Spike himself might have had other misgivings, and believe that he had seen the living form of his intended victim, but for the extraordinary and ghost-like echo of his last discharge. There was nothing visible, or intelligible, from which that fire could have come, and he was perfectly bewildered by the whole occurrence. An intention to round-to, as soon as through the passage, down boat and land, which had been promptly conceived when he found that his first aim had failed, was as suddenly abandoned, and he gave the command to “board fore-tack;” immediately after his call was to “pack on the brig,” and not without a little tremor in his voice, as soon as he perceived that the figure had vanished. The crew was not slow to obey these orders, and in ten minutes the Swash was a mile from the light, standing to the northward and eastward, under a press of canvas, and with a freshening breeze.

To return to the islets. Harry, from the first, had seen that every thing depended on his remaining motionless. As the people of the brig were partly in shadow, he could not, and did not, fully understand how completely he was himself exposed, in consequence of the brightness of all around him, and he had at first hoped to be mistaken for some accidental resemblance to a man. His nerves were well tried by the use of the fowling-piece, but they proved equal to the necessities of the occasion. But, when an answering report came from the rear, or from the opposite side of the islet, he darted round the tower, as much taken by surprise, and overcome by wonder, as any one else who heard it. It was this rapid movement which caused his flight to be unnoticed, all the men of the brig dodging below their own bulwarks at that precise instant.

As the light-house was now between the mate and the brig, he had no longer any motive for trying to conceal himself.

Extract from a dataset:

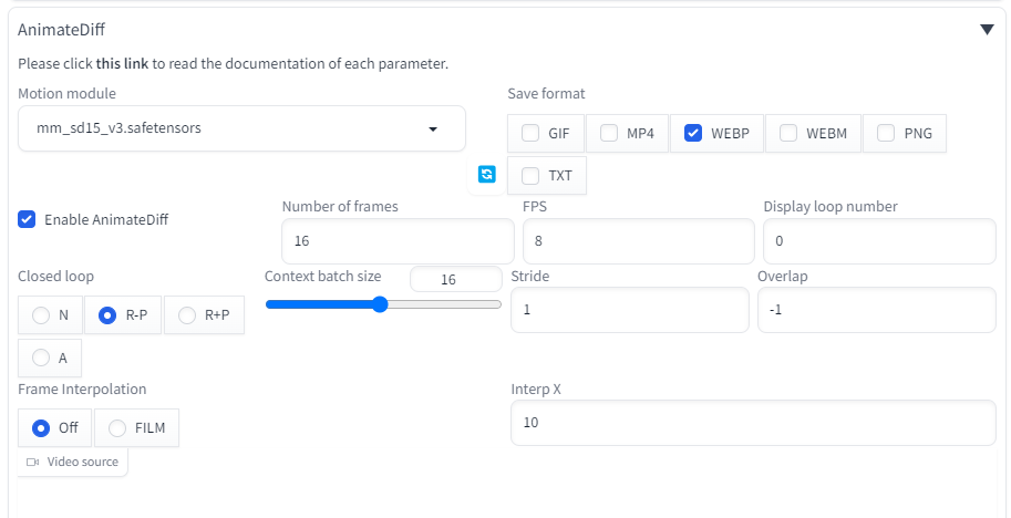 - "Motion module" 드롭다운에서 원하는 파일을 선택한다. Number of frames, closed loop 등 왼쪽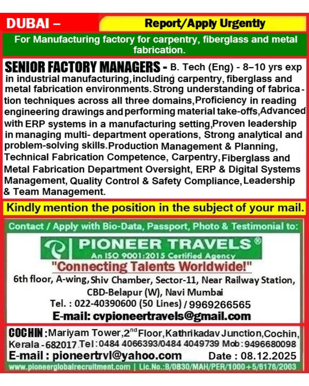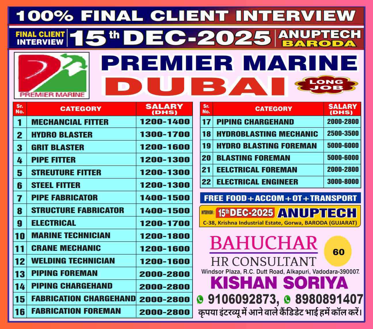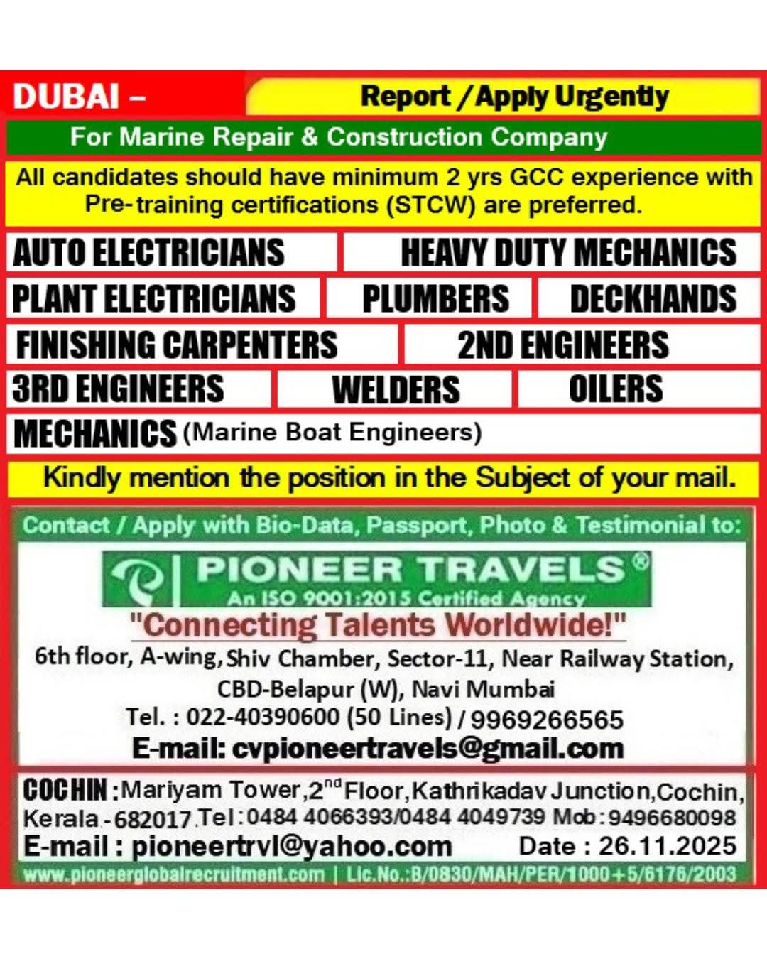 Urgent Requirement PREMIER MARINE Dubai

His first thought was of Rose, and, strange as it may seem, for some little time he fancied that she had found a musket in the dwelling and discharged it, in order to aid his escape. The events had passed so swiftly that there was no time for the cool consideration of any thing, and it is not surprising that some extravagances mingled with the first surmises of all these.

On reaching the door of the house, therefore, Harry was by no means surprised at seeing Rose standing in it, gazing at the swiftly receding brigantine. He even looked for the musket, expecting to see it lying at her feet, or leaning against the wall of the building. Rose, however, was entirely unarmed, and as dependent on him for support as when he had parted from her, an hour or two before.